Pig and Hive are open source platform mainly used for same purpose. These tools that ease the complexity of writing difficult/complexed programs of java based MapReduce. Hive is like a data warehouse that uses the MapReduce for the purpose of analyzing data stored on HDFS. It provides a query language called HiveQL that is familiar to the Structured Query Language (SQL) standard. It is developed based on facebook concepts. Hive was created who are posing strong analysts having strong SQL skills but few java programming skills are required to run queries on the large volumes of data that Face book stored in HDFS. Apache Pig and Hive are two projects that are consider as the top most layer of Hadoop and provide a higher-level language for using MapReduce library of Hadoop management.
It consists of a query language based on the standard SQL instead of giving a rapid development of map and reduces tasks. Hive takes HiveQL statements and then automatically transforms each and every query into one or more MapReduce jobs. Later it runs the overall MapReduce program and executes the output to the user whereas Hadoop streaming decreases the mandatory code, compile, and submit cycle. Hive removes it completely instead requires only the composition of HiveQL statements.

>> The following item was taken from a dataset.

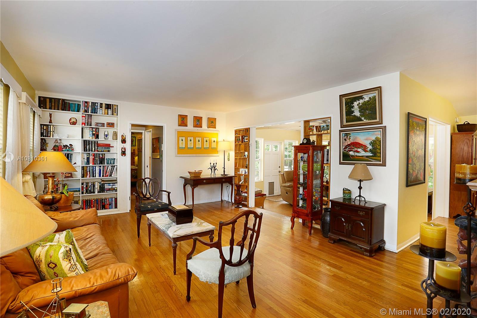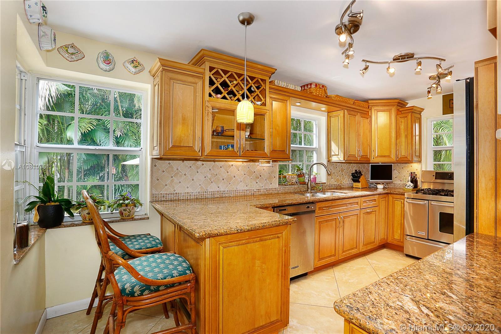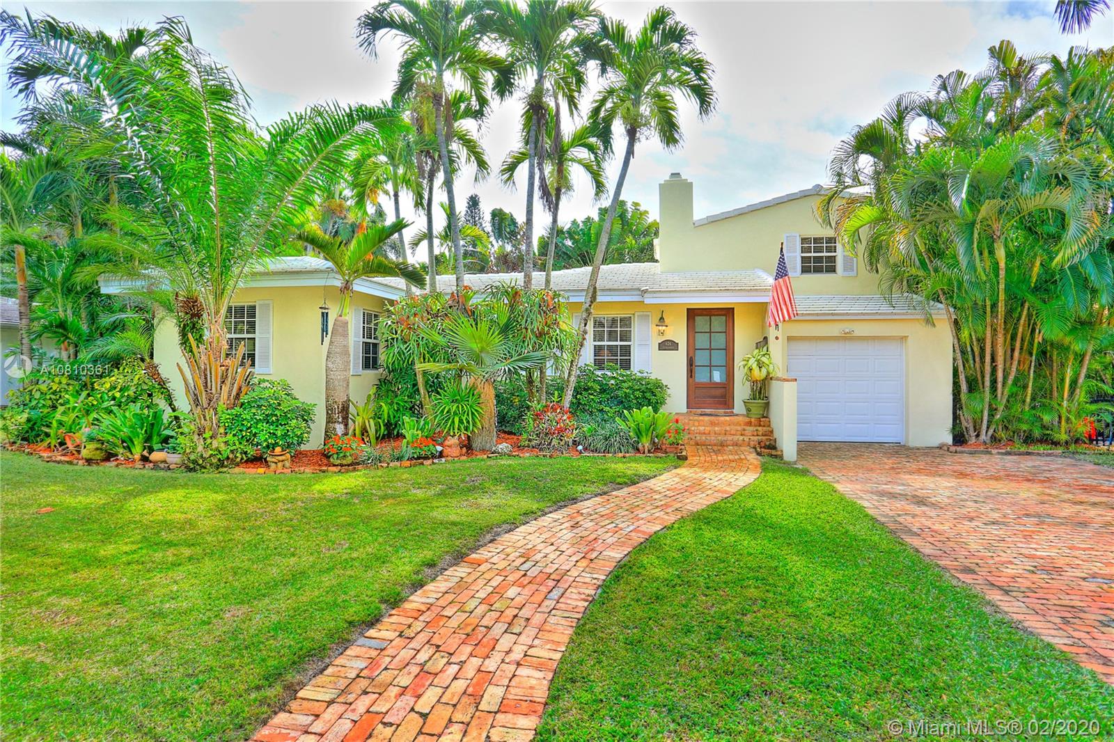 In the heart of Coral Gables lies this beautiful two-story three-bedroom, two-full bathroom home with a pool on a luscious 10,500 sq ft lot surrounded by palm trees designed by the first female architect in greater Miami, Marion Manley. Special features: original hardwood floors, updated kitchen with s/s appliances and granite countertops, separate laundry room, dining room, all impact windows, one-car garage and a working fireplace in the living room. Two bedrooms and a modern updated bathroom on the first level are split from the rest of the home. The spiral staircase takes you to a private bedroom with plenty of windows and a second bathroom. Florida room feels it is part of its lovely spacious backyard. Lots of light, a patio, fishpond, gardens, all great for relaxing and entertaining.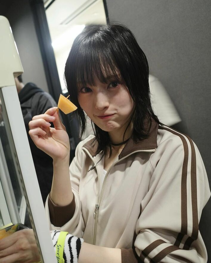 オフショットでは、オシャレなジャージスタイルで、メロンのようなものをモグモグする様子が収められています。カメラに向かってうれしそうな表情を見せており、リラックスしているのが分かります。

This interface to Hadoop not only accelerates the time required to produce results from data analysis but also it significantly expands for whom this Hadoop and MapReduce are helpful.
What makes Hive Hadoop popular?
- The users are provided with strong and powerful statistics functions.
- It is similar to SQL and hence it is very easy to understand the concepts.
- It can be combined with the HBase for querying the data in HBase. This kind of feature is not available in pig. Pig function named HbaseStorage () is mainly used for loading the data from HBase.
- Supported by Hue.
- Various user groups are considered such as CNET, Last.fm, Facebook, and Digg etc.
Difference between hive and pig
|Used for Data Analysis||Used for Data and Programs|
|Used as Structured Data||Pig is Semi-Structured Data|
|Hive has HiveQL||Pig has Latin|
|Hive is used for creating reports||Pig is used for programming|
|Hive works on the server side||Pig works on the client side|
|Hive does not support avro||Pig supports Avro|
hive>select * form employee;
hive> describe employee;
- The Apache Hive is mainly data warehouse software which allows you to read, write and manage huge number volumes of datasets stored in a distributed environment using SQL. It is possible to project structure onto data that is termed as storage. Users can be connected to Hive using a JDBC driver and a command line tool.
- Hive is an open Source platform system. Use Hive for analyzing and querying in large number of datasets consisting the Hadoop files. It’s similar to the SQL programming. The current version of Hive is 0.13.1.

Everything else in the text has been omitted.